Twenty-two people - the youngest aged just eight - died in the blast and more than 200 were injured when a man detonated a homemade bomb at Manchester Arena as parents arrived to collect their children following the U.S. singer's show.
Inquiry chairman John Saunders said the domestic MI5 spy agency had missed chances that might have stopped the attack and he criticised its intelligence sharing with counter-terrorism police.
"There was a significant missed opportunity to take action that might have prevented the attack," Saunders said in his third and final report into the bombing, the deadliest in Britain since the 2005 London transport suicide attacks.
"It is not possible to reach any conclusion on the balance of probabilities or to any other evidential standard as to whether the attack would have been prevented.
"However, there was a realistic possibility that actionable intelligence could have been obtained which might have led to actions preventing the attack."
A lawyer for 11 families who lost loved ones said the failures highlighted in the report were unacceptable.
"As a result of these failures, at the very least, a real possibility of preventing this attack was lost.

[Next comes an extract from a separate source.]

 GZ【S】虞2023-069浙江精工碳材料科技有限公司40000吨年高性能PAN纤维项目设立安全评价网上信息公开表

This is a devastating conclusion for us," lawyer Richard Scorer said.
Saunders' previous reports have concluded there were serious shortcomings and mistakes made in the security at the venue. He also found that one of those killed would probably have survived if the response by the emergency services had not been so flawed.

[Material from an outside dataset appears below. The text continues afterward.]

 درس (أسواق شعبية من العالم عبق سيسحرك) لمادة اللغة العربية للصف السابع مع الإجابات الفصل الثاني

The bombing was carried out by Salman Abedi, 22, while his younger brother Hashem was jailed for 55 years in 2020 for encouraging and helping him.
A third, elder brother, Ismail, was in July convicted in his absence of failing to attend the inquiry to give evidence, having fled Britain. The Abedi brothers were born to Libyan parents who emigrated to Britain during the rule of Muammar Gaddafi.
Saunders' findings echo those of parliament's Intelligence and Security Committee which concluded in a 2018 report that Britain's MI5 security service had missed potential opportunities to prevent the bombing, and failed to learn from previous attacks.